Speaking earlier this year, Richard Gowan, a UN expert at the European Council on Foreign Relations, said insiders believed Mr Guterres, from Portugal, "could give the UN the kind of kick up the backside it needs".
Mr Guterres was born in Lisbon in 1949. He studied engineering and physics at the Instituto Superior Tecnico, before going into academia after graduating in 1971.
But academia only held the fervent Catholic's interest for a couple of years. He joined the Socialist party in 1974 - the same year five decades of dictatorship came to an end in Portugal - and soon became a full-time politician.
In 1995, three years after being elected the Socialist Party's secretary-general, he was voted in as prime minister, a position he held until 2002.

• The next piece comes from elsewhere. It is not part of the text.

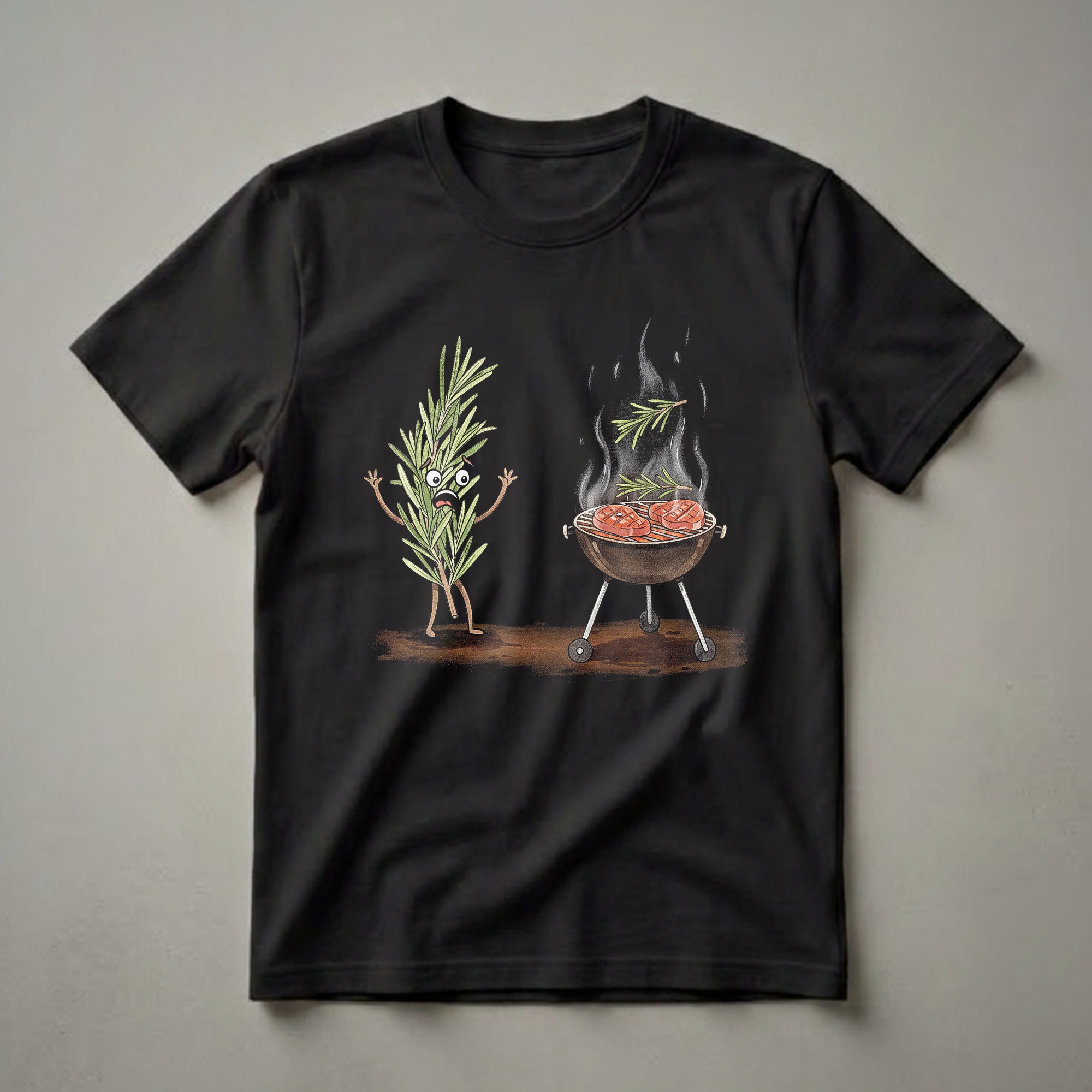 Rosemary sprigs, known for their aromatic contribution to roasted meats and vegetables, take center stage in this humorous graphic tee. The artwork depicts a single, anthropomorphic rosemary sprig with wide, panicked eyes and flailing arms, recoiling from a classic charcoal grill. On the grill, two juicy steaks sizzle, emitting plumes of smoke, with a lone rosemary sprig already placed on top, perhaps destined to flavor the meat. This playful design taps into the common culinary practice of using rosemary to enhance the flavor of grilled foods, presenting a comical scenario where the herb itself is aware of its fate. This t-shirt is a thoughtful gift for anyone who enjoys grilling, cooking, or has a quirky sense of humor about food. It’s a conversation starter, great to wear to a backyard barbecue, a casual get-together, or while preparing your favorite grilled dishes. The visual pun makes this shirt a go-to tee for chefs, food enthusiasts, and lovers of witty apparel. Embrace the fun side of the kitchen with this unique and eye-catching design that celebrates the relationship between herbs and the grill.

Then Mr Guterres, fluent in Portuguese, English, Spanish and French, turned his attention to the world of international diplomacy, becoming the UN's high commissioner for refugees in 2005.

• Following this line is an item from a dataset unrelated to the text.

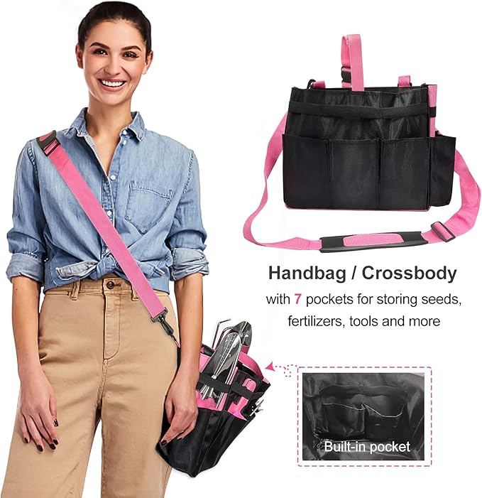 - 🌷【EASY TO CARRY】The storage tote bags are designed to hold all the garden tools so that you won't lose any of them. There are 7 pockets for easy access during indoor and outdoor planting. The tote bag holds everything plus some of your leftover items from home.( Please Note:please lay it in natural air for a few days,if the storage bag has a smell)

Under his guidance, the numbers working in the UNHCR's Geneva head office were slashed, while its capacity to respond to international crises by deploying more staff closer to hotspots was improved.
However, it was his tireless attempts to get the world's richest countries to do more for those fleeing conflict and disaster around the world that people remember.
"We can't deter people fleeing for their lives," he wrote in Time, external magazine last year. "They will come. The choice we have is how well we manage their arrival, and how humanely."
Prior to his nomination, he said that his work at the UNHCR had been excellent preparation for a secretary-general.
"I think we are living in a world where we see a multiplication of new conflicts, and you see an enormous difficulty in solving the conflicts," he said.
"There is a clear lack of capacity in the international community to prevent and to solve conflicts."
Mr Guterres, 67, has two children from his marriage to his first wife, who died in 1998. He remarried in 2001.